However, I did have a solution. One that requires the purchase of a $19 aftermarket front bumper kit, of which 2/3 are discarded, and the other 1/3 requires modifications to perform the job of taking the place of the broken chassis nose.
RPM to the rescue!
Following the Frankenstein repair to the front clip, the next order of business was a complete rebuild of the front shocks including a re-valve, new springs and silicon oil change. Here is the final setup:
| Front Dampers | Rear Dampers | |
|---|---|---|
| Valve Piston: | #3 | #2 |
| Shock Oil: | 40 wt. | 30 wt. |
| Spring: | Red (3.90 lb./in.) | Silver (2.10 lb./in.) |
| Down Stops | 4 (.120″) | 7(.210″) |
Mounting the motor was very mostly straight forward. However, there was not enough adjustment in the motor mount plates to get the 29T pinion gear I needed to fit with my 84T spur, so I bought a new gear set with a 75T spur gear and 27T pinion. With the 15 degrees of physical motor timing (see photo) I have on pretty quick stock truck. Sure I’m topped out on speed by the end of the straight compared to the Mod trucks, but I have gobs of low-end torque that gets me up and over the jumps with almost no run-up. 6′ of air time is no problem at all with this setup. I can easily clear the 4-hump rhythm section with a quick punch of the throttle.
Some of you new or simply unfamiliar with surface brushless systems might wonder what the extra cable bundle is near the bottom of the motor. That’s the sensor harness. This measures the inrunner’s RPM, feeding back position and speed to the ESC, which allows it to automatically detected cogging at low RPM, and smooth the pulses, giving the driver very smooth and easy to control power compared to non-sensored systems. Having had both, I can say first had that this *DOES* make a difference. You lose some of the potential torque of the motor, since some magnet space is given up to the sensor, but power is nothing if you can’t get it all to the ground. The sensor provides the ability to do just that.
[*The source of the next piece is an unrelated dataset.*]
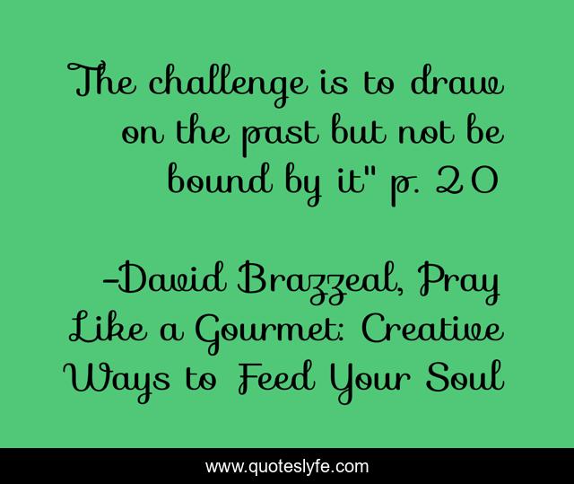 This page presents the quote "The challenge is to draw on the past but not be bound by it" p. 20". Author of this quote is David Brazzeal, Pray Like a Gourmet: Creative Ways to Feed Your Soul. This quote is about past, past-and-future, past-and-present,.

Mounting of the speed controller was simpler than the big and bulky Novak I was replacing. The profile is so low it barely extends above the sides of the chassis. The solder posts on the controller are also a thing of beauty. Vastly superior to the solder points on my Novak and most other ESCs I’ve seen so far. Easy to heat, plenty of post length, and slotted so you can mount wires horizontal (as I did) or vertical, depending on whim. The three wires on the left control the motor, the two on the right (with capacitor) are the battery power leads. Sensor harness plugs into side of ESC (right). Another bonus on the Tekin is the topside status LED bar, not on the side like the Novak and XP I’ve had in other vehicles. Another example of learning from racing. Put it where people can see it! Seems simple, yet.. so difficult for some companies to ‘get’
The last two updates made with this conversion, was the witch to the light-weigh 2/3 height SAVOX SC-1251 Metal Gear Digital Servo. This is a lot smaller than the stock XP (sloooooow) or the black body SAVOX I was running before. Also in this photo is my personal truck transponder. Other than the ESC, this was the single most expensive part in the entire truck. This is the newest RC4 compatible hybrid transponder from MyLaps. A lot of tracks (including the one that I use) had track transponders available to borrow for a race. They are basically free. So why buy my own at such great expense? 3 reasons: 1) I can get my practice day times logged for analysis 2) the RC4 hybrid is about 2/3 the size of the others and also lighter 3) I can permanently mount it anywhere I need for best signal.
I’ll say this right now, the position in the photos is good, but not ideal. The metal gear servo interferes with the transponder (another advantage to owning your own, you can test transponder positions to find the optimal signal). I have since found a better position for the transponder. However, it’s exact position is now a closely held secret and an advantage I have on the track.. so.. don’t expect me to spill the beans on the net, you’ll have to join me at the track to see what I’ve since done.